Great story, great storytelling

Learning about Allison, you get the sense that his story in the hands of anyone would be pretty compelling. In fact, Breakthrough features interviews with journalist Eric Benson, who recently profiled Allison for Texas Monthly (and it’s a great read). But Haney seems to have made all the right filmmaking choices, from balancing the science and sentimental to picking his subject at the perfect time—though the film inevitably includes some late triumphant sequences tied to the Nobel notification and award, for instance, Haney had already been long into making the film at that point. “The last day of filming was the last day before the Nobel Prize,” the filmmaker tells Ars. “We didn’t know that when we began this project; it was 18 months in the making.”

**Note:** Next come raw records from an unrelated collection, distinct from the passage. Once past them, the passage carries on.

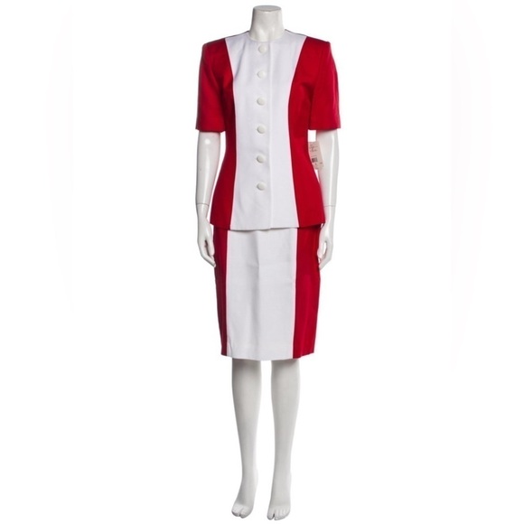 CHRISTIAN DIOR RARE! Vintage Old Money Red White Skirt Jacket Power Suit Set NWT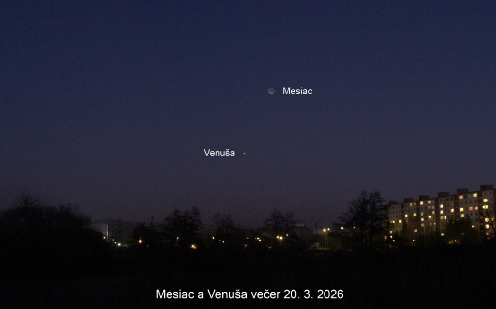 Pozrime si tenký kosáčik Mesiaca, pod ním jagavú Venušu a vysoko nad obzorom v súhvezdí Blížencov aj jasný Jupiter. Na miestach bez svetelného znečistenia je možné zbadať nad západným obzorom slabý kužeľ svetla – zodiakálne.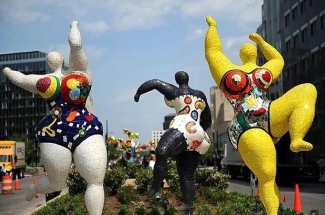 Кейінірек сауда орталығының өкілдері бұл мүсіндердің плагиат екенін мойындады. Расында да Парижде осындай мүсіндер орнатылған. Оның авторы - француз суретшісі, мүсінші Ники де Сен-Фалль.

With this iteration of Allison’s story, Breakthrough viewers of all backgrounds will inevitably learn something. If you’re science-minded, the dedication to accurately describing Allison’s decade-spanning work will be enlightening, an invigorating validation of curiosity and the scientific process in the long run. But those not regularly following the field will see many of the ways science infiltrates the headlines today—legal battles over drug patents, politicians choosing the less logical route, etc.—are far from new phenomena. This film debuted at SXSW in front of an audience made from all walks of life, but future theatrical runs targeting the East Coast wouldn’t hurt.

“For most of my life, the idea of curing cancer was a joke, a tag line—’You’re not doing your work?! What are you, too busy curing cancer?'” Haney says. “At a time when the world seems faced with challenges we can’t imagine wrapping our mind around—what are we going to do about climate change, endangered species, economic development for the poor, the border—it can feel so overwhelming that people are inclined to bury their heads in the sand and hope it passes.

But Jim inspired and led a team of folks to solve in some ways perhaps the most unsolvable challenge of them all, and in some ways you can see the type of culture that can be used to solve great challenges: a gifted leader with a sense of purpose bigger than themselves, the capacity to engage warmly over a beer or in a lecture hall, a resilient team that works pragmatically together and uses facts to come to conclusions that benefit us all. For the theoretically political leaders that use fear and confusion to divide us, Jim’s story is an example that we can solve other diseases and lots of other things with this methodology.”

Disclosure: Ars science editor John Timmer once spent 10 weeks in Jim Allison’s lab at Berkeley. Timmer claims his only significant discovery was that he did not want to study immunology.